At first, as I was laying the garden soaker hose, it didn’t stay flat to the ground. I found some metal plant stakes in my garage, cut them in about 12 in. lengths and bent them to make U-shaped pins. I pinned the hoses down in a few places and it was just enough to hold it in place.
There is a middle section of garden that doesn’t currently have a hose. It’s very mature coreopsis and daisies. The coreopsis doesn’t need any extra watering and I water the daisies on my way to hook up the soaker hose. I’d like to lay hose in this section but I have to get out in early spring before the coreopsis gets tall. I missed my opportunity this year so maybe next year…
Garden Soaker Hose Tips
1. There is a screen at the end of the hose where the water is hooked up. I took out the little screens to get better water flow.

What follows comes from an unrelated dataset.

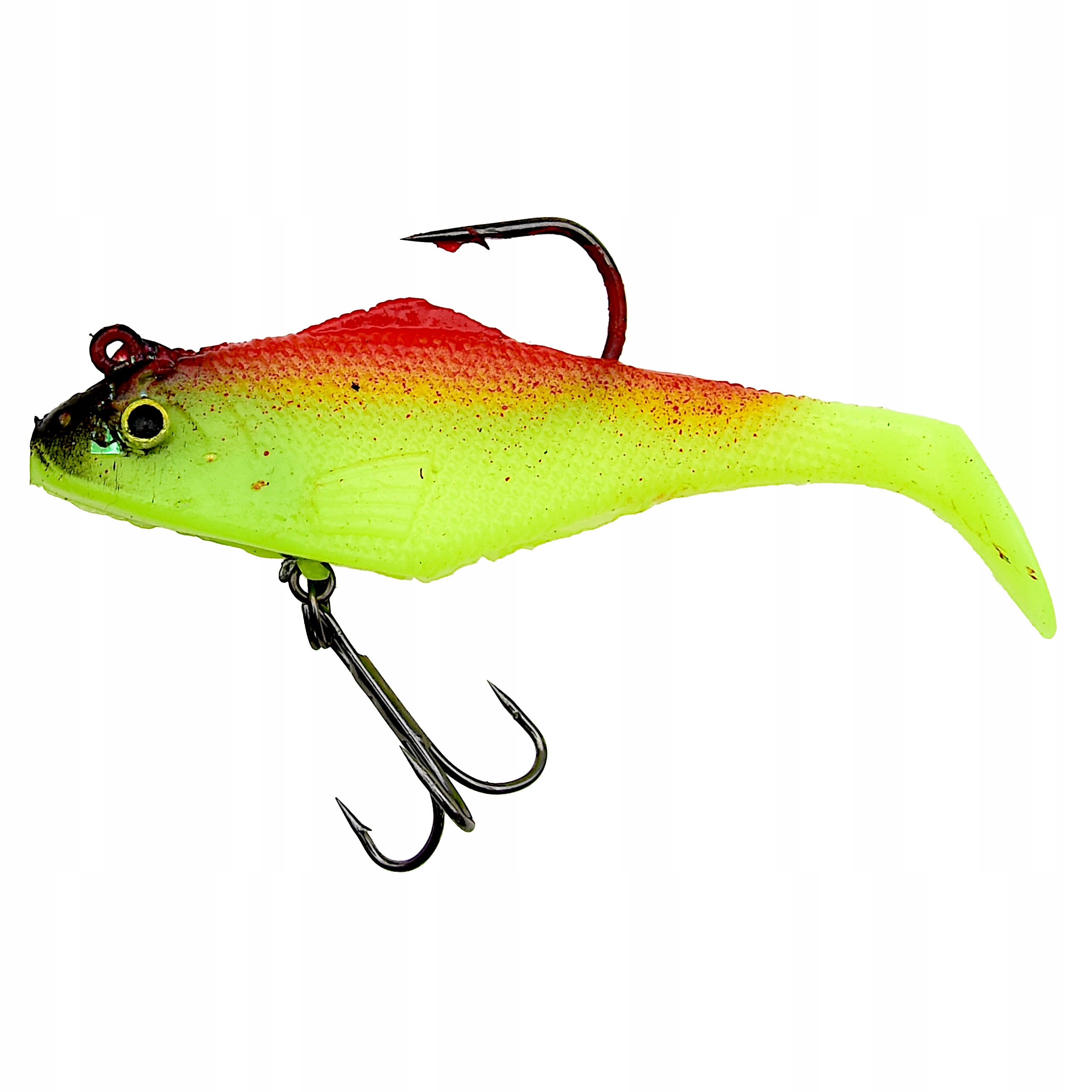 Proponowane przez nas przynęty posiadają trójwymiarowe wklejane oczy oraz charakterystycznie uformowaną płetwę ogonową w stylu kopyta - co sprawia, że uzyskuje ona odpowiedni ruch w wodzie nawet przy najdelikatniejszym obrocie kołowrotka. Dodatkowo gumy uzbrojone są w główkę jigową i kotwiczkę oraz posiadają własne obciążenie. Przynęty tego typu sprawdzają się zarówno w jeziorze, na morzu jak i rzece o silniejszym nurcie. Perfekcyjnie dobrana kolorystyka, agresywna praca, to tylko niektóre z atutów tej przynęty.
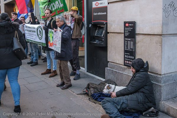 A man sits with his dog outside the bank and listens to the protest. One of London's many homeless

2. Don’t lay one gigantic hose. It takes too long to get the water from point A to point B. My water pressure was not good enough so I used 2 lengths of hose. I alternate days so I don’t water both sections on the same day.
3. To speed up the water flow, I used a hole punch to make some of the existing holes bigger, where I wanted more water. This worked like a charm.
I’m not sure how long these two hoses will last. They are on their second year and I hope they last a few more. I’m sure at some point I may have to lay new hose, but hopefully not any time soon.
As always, my garden assistant was on the job.
I can’t think of a DIY project, that I did myself, that has had results like this soaker hose installation. Not only has it transformed my garden, it is so much easier than standing with a hose in the sticky summer heat. To say it was life-changing might be a stretch…but the time, effort and sweat that I’ve saved has been amazing.